Es ist daher wichtig zu wissen, wie wir das Vagus-Nervenpaar stimulieren können. Atemübungen mit verlängertem Ausatem, Meditation, Musik, O und U singen, Gedichte, gemeinsames Essen, Großzügigkeit, Spaziergänge in der Natur, eine sanfte Massage des Halses, ein Bad nehmen..... Ruhen! 

Shavasana ist der Königsweg.

 

Shavasana heißt, ich identifiziere mich nicht mehr mit meinen Gedanken.

 

Tiefenentspannung durch Shavasana braucht Zeit. Mindestens 20 Minuten. Besser 30 Minuten.

Shavasana geschieht in 3 Stufen.

1. Den Vagus runterfahren. Das allein braucht ca. 15 Minuten

2. Shavasana erreicht uns mental und emotional auf einer tieferen Ebene. Pratyahara, das Zurückziehen der Sinne, führt dazu, dass uns nichts mehr stört. Keine Geräusche, keine Gedanken.

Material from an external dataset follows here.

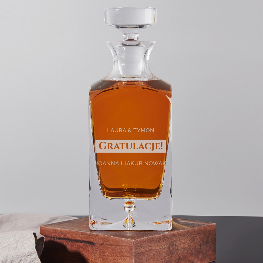 Wysokiej jakości karafka z przezroczystego szkła to nie tylko praktyczny dodatek, ale również wspaniała dekoracja stołu i prezent, który pasuje na wiele ważnych okazji. W takiej karafce można zaserwować whisky, nalewkę lub inny ulubiony trunek. Prosta forma i eleganckie styl sprawiają, że produkt będzie pasował zarówno do weekendowych spotkań z najbliższymi, jak i do uroczystych przyjęć. Kwadratowy kształt załamuje światło, które pięknie wydobywa barwę trunku, a na spodzie jest zatopiony efektowny pęcherzyk powietrza. Na powierzchni karafki umieszczamy personalizowany grawer, który dodaje upominkowi wyjątkowego charakteru.Pojemność: 750 ml
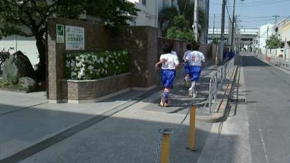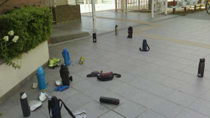 あまりの暑さに熱中症の心配すらしています。「水分を十分取るように」と校内放送もありました。通用門前に水筒が林立していました。学校の周りを部活動で走っている生徒たちが、走り終えてのどを潤していました。

3. wir sind so tief in Pratyahara, dass es uns nicht mehr bewusst ist.

 

Und vielleicht kommt dann, irgendwann einmal, wenn das Ego „gefallen“ ist und wir nicht „da sind“, Shunya zu uns.

 

 

 

 

Um dem Vagus zu helfen runterzufahren, sollten alle Gelenke in leichter Flexion (Beugung) sein. Denn nur sanft geflexte Gelenke sind entspannte Gelenke! Ein Bolster in den Kniekehlen, eine gerollte Decke unter den Achillessehnen (nimmt den Druck von den Fersen und flext die Fußgelenke sanft), je ein Kissen unter den zum Himmel geöffneten Händen (entspannt auch die Schultern), die Fingergelenke entspannt, eine gefaltete Decke unter dem Kopf, damit auch die Halswirbelsäule leicht geflext ist und nicht nach hinten gestreckt, und ein leichtes Augensäckchen (Dunkelheit fördert Entspannung) auf den Augen. Und ganz wichtig ist Wärme. Dicke Socken und eine warme Decke helfen zu entspannen. Ein kalter Körper kann nicht entspannen. Die genaue Haltung für ein langes und damit effektives Shavasana lässt man sich am besten von einer Yogalehrerin, die sich mit restorativem Yoga auskennt, zeigen.

 

Still, ruhig, dunkel, warm......Shavasana.